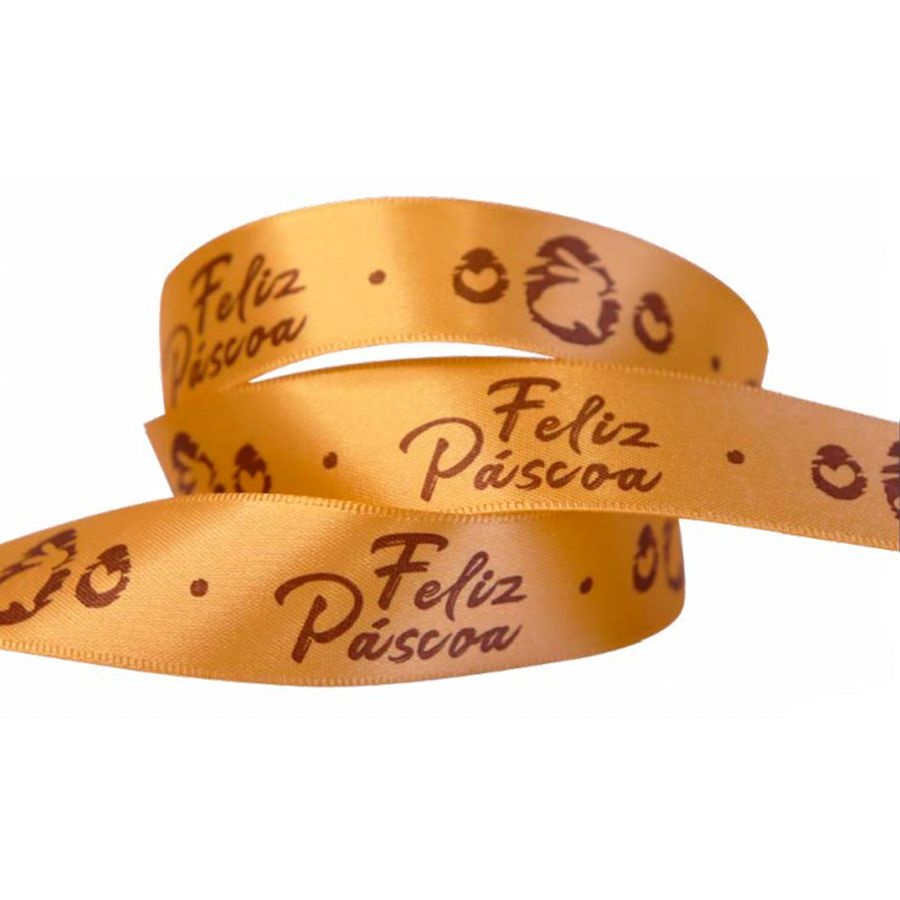 Fita de Páscoa em Cetim 22mmx10m Coelho Feliz Páscoa Ouro com Marrom ECF005D 257 Progresso Rizzo Embalagens
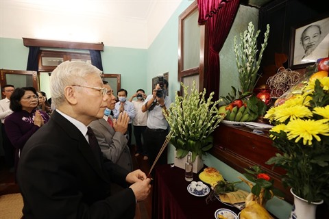 | Le secrétaire général du Parti communiste et président du Vietnam Nguyên Phu Trong offre de l'encens à la mémoire du Président Hô Chi Minh dans la maison 67. |
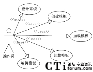 報表設計工具,主要功能是用來在可視化界面中察看和修改記錄統(tǒng)計,負責處理報表的設計工作。它應該具有全面的報表設計功能和友好的用戶界面,能夠被普遍的數(shù)據(jù)處理和編輯時所采用。該報表設計工具的操作員利用該工具可以進行系統(tǒng)登錄,創(chuàng)建模板,編輯模板,加載模板,卸載模板等,用例圖[30]
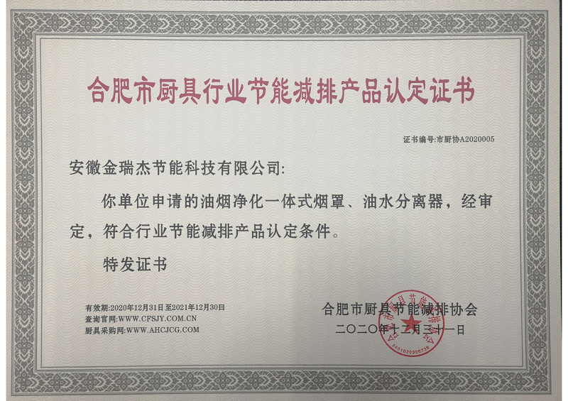 合肥市厨具行业节能减排产品认定证书-金瑞杰
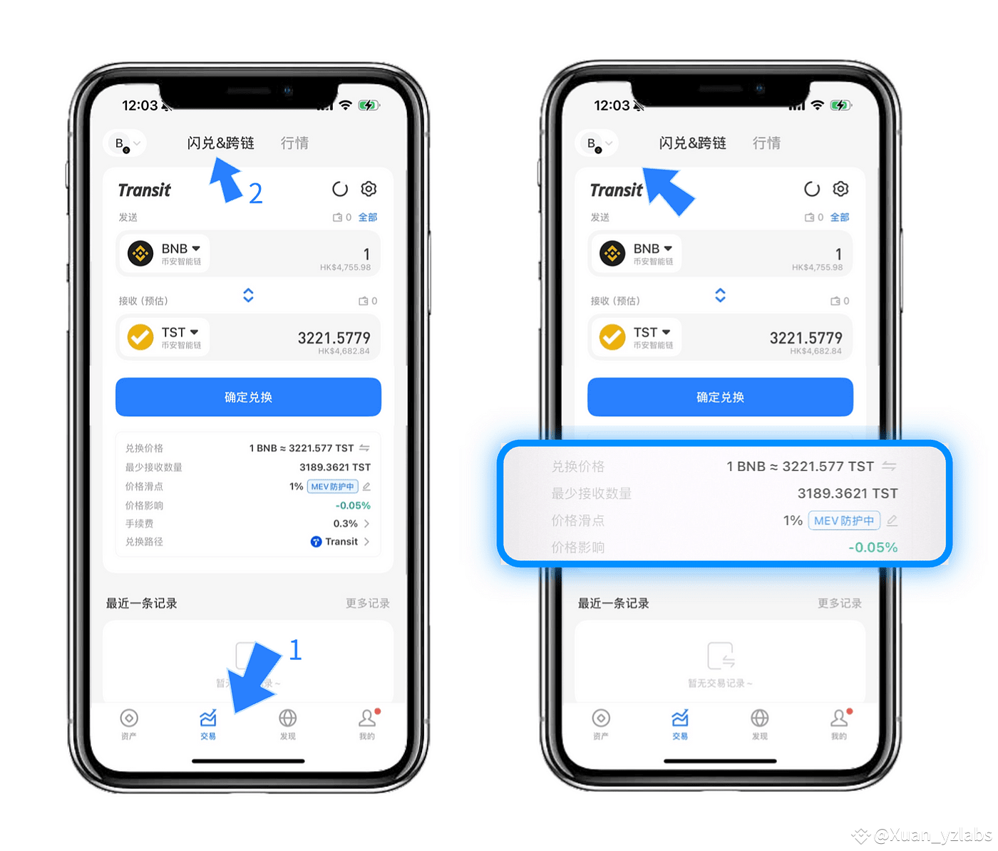 通过 Transit Swap 将 BNB 兑换为 $TST
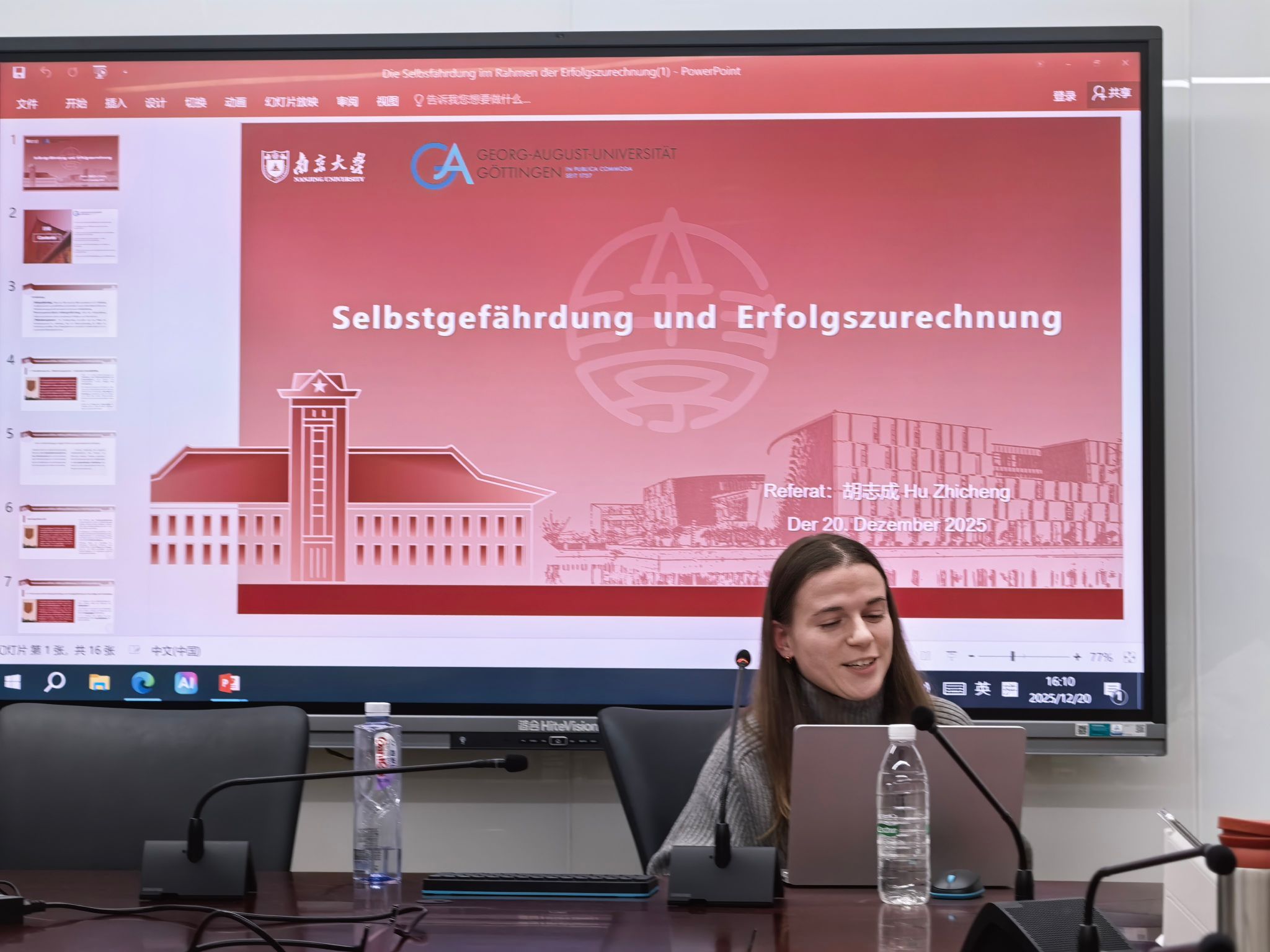 鼓楼校区西南楼135会议室举行。中德法学研究所德方副所长Holger Hanisch、中方指导教师徐凌波副教授、蔡琳副教授、助理教授金健老师以及中德法学研究所的2024级研究生共同参与了本次研讨课,研讨课全程用德语进行。
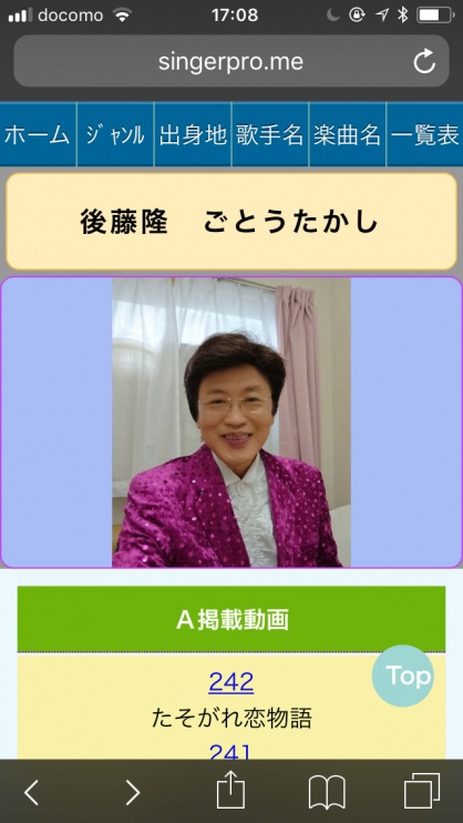 歌手名:後藤隆さんの情報ページをスマートフォン用に作り直しました。
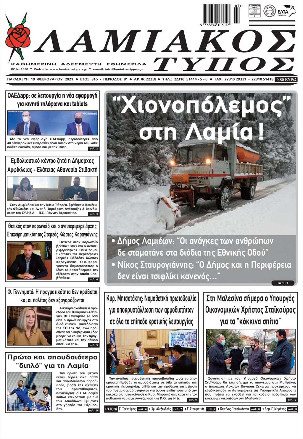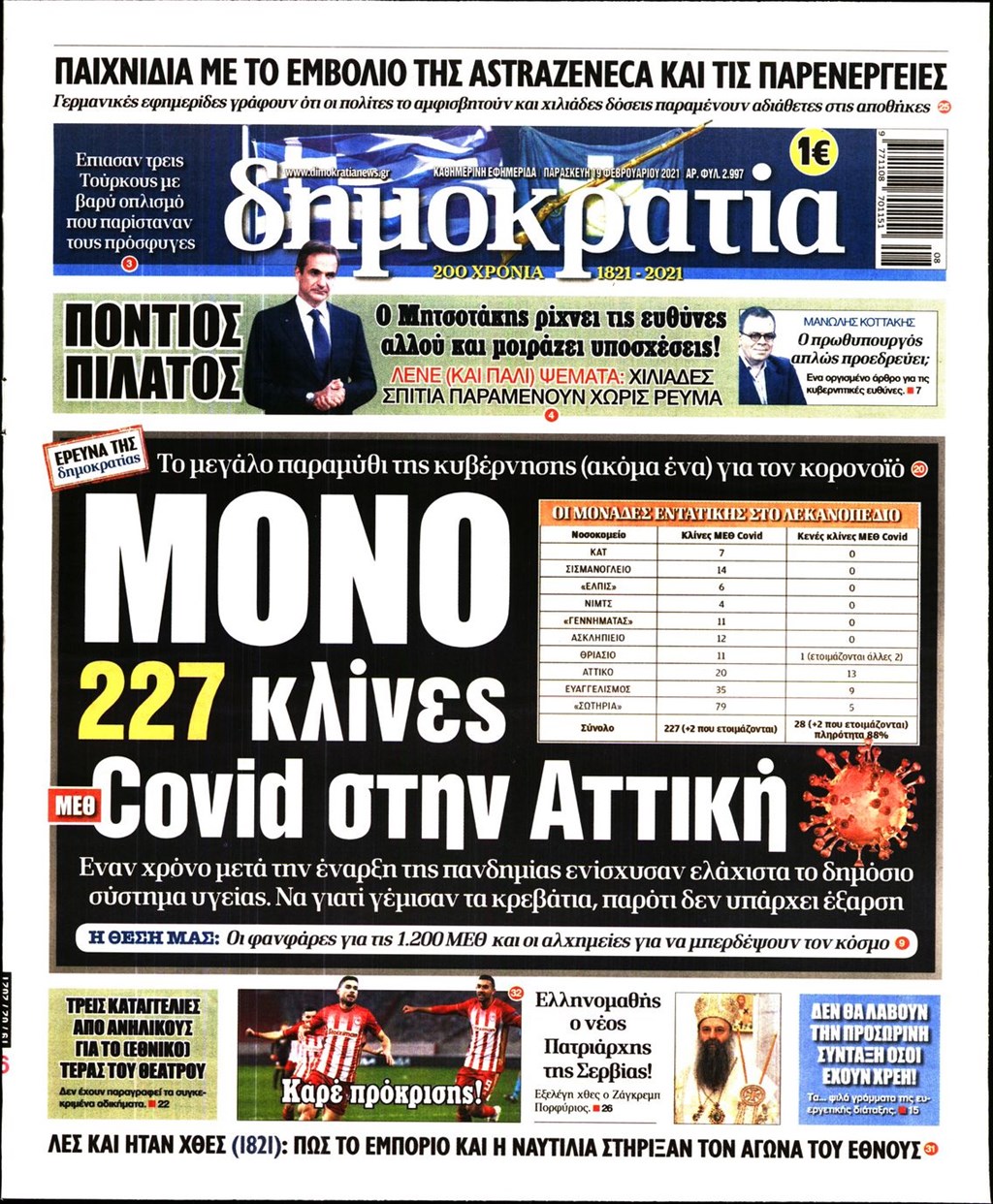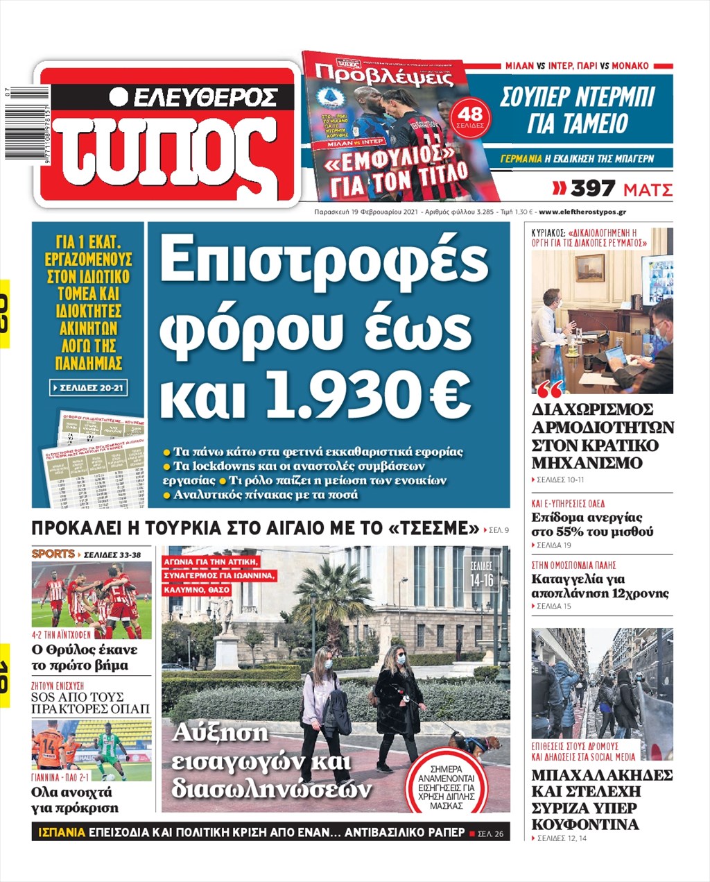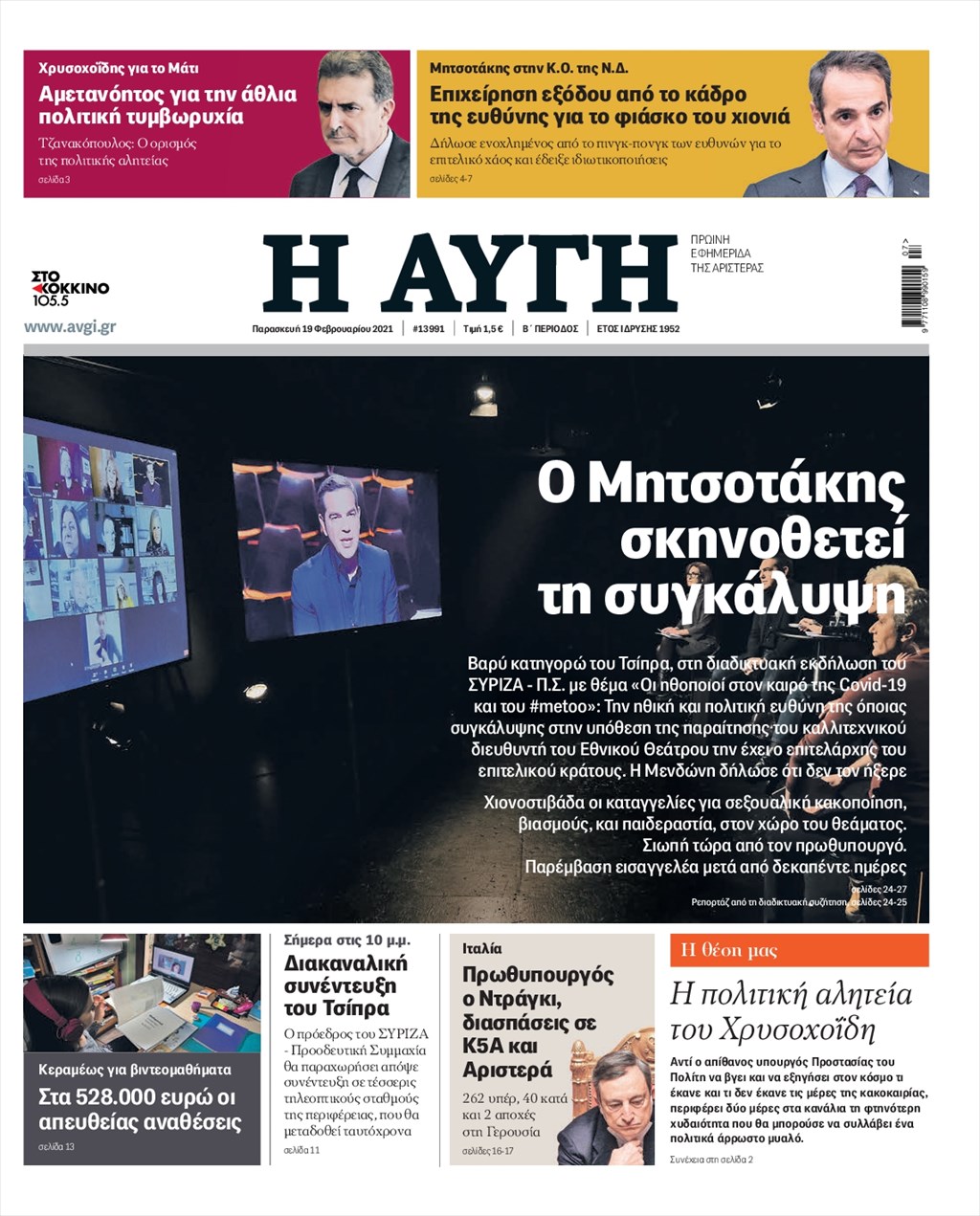 Τα πρωτοσέλιδα των εφημερίδων 19 Φεβρουαρίου
◆ ◆ ◆ ◆
*PROBLEM STATEMENT*: An exact copy is needed of every line from the line containing "合肥市厨具行业节能减排产品认定证书-金瑞杰" to the last line of the records; pictures stay out of it.

*ANSWER TO THIS TASK*:
 合肥市厨具行业节能减排产品认定证书-金瑞杰
 通过 Transit Swap 将 BNB 兑换为 $TST
 鼓楼校区西南楼135会议室举行。中德法学研究所德方副所长Holger Hanisch、中方指导教师徐凌波副教授、蔡琳副教授、助理教授金健老师以及中德法学研究所的2024级研究生共同参与了本次研讨课,研讨课全程用德语进行。
 歌手名:後藤隆さんの情報ページをスマートフォン用に作り直しました。
 Τα πρωτοσέλιδα των εφημερίδων 19 Φεβρουαρίου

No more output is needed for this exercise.